- _Stored data_

-------

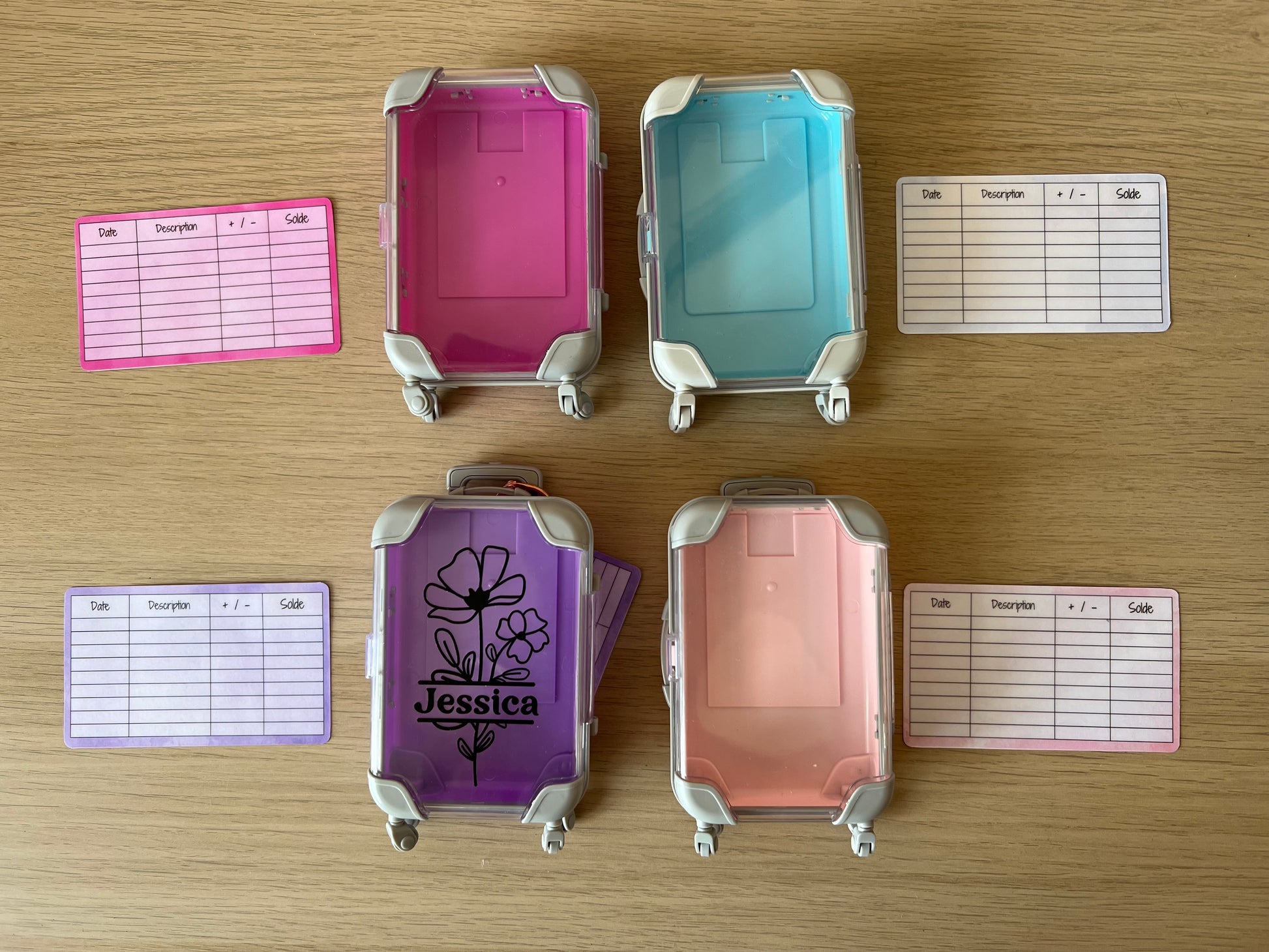 ce tracker recto verso permet de noter le montant total qui est dans la valise et à l'arrière de noter le suivi entrées et sorties d'argent
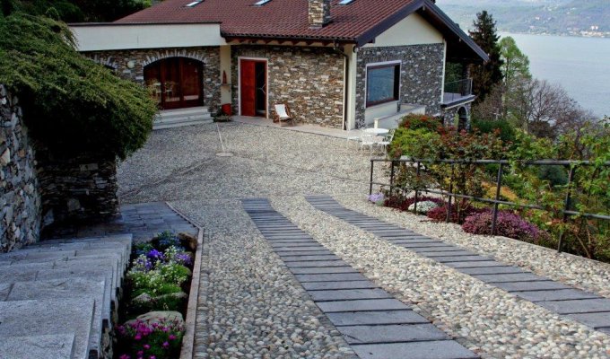 L'aire de repos est au niveau du jardin, toutes les chambres donnent sur le porche et les belles vues offertes par les îles Borromées.
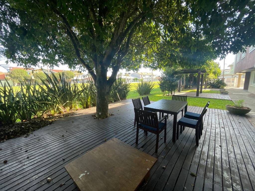 Sobrado com 3 dormitórios (3 suítes - 1 master com closet e sacada + 1 americana), living 2 ambientes, lavabo, cozinha integrada com churrasqueira, área de serviços, varandas e garagem para 2 veículos. Mobiliada! Dormitórios climatizados! Amplo pátio com deck e área de lazer! Localizado a apenas 2 quadras da praia, no Centro de Xangri-lá!

-------

- _What to work on_
Repeat the listing above exactly from its first line to the line containing "L'aire de repos", both included, and omit the pictures.

- _Result below_
 ce tracker recto verso permet de noter le montant total qui est dans la valise et à l'arrière de noter le suivi entrées et sorties d'argent
 L'aire de repos est au niveau du jardin, toutes les chambres donnent sur le porche et les belles vues offertes par les îles Borromées.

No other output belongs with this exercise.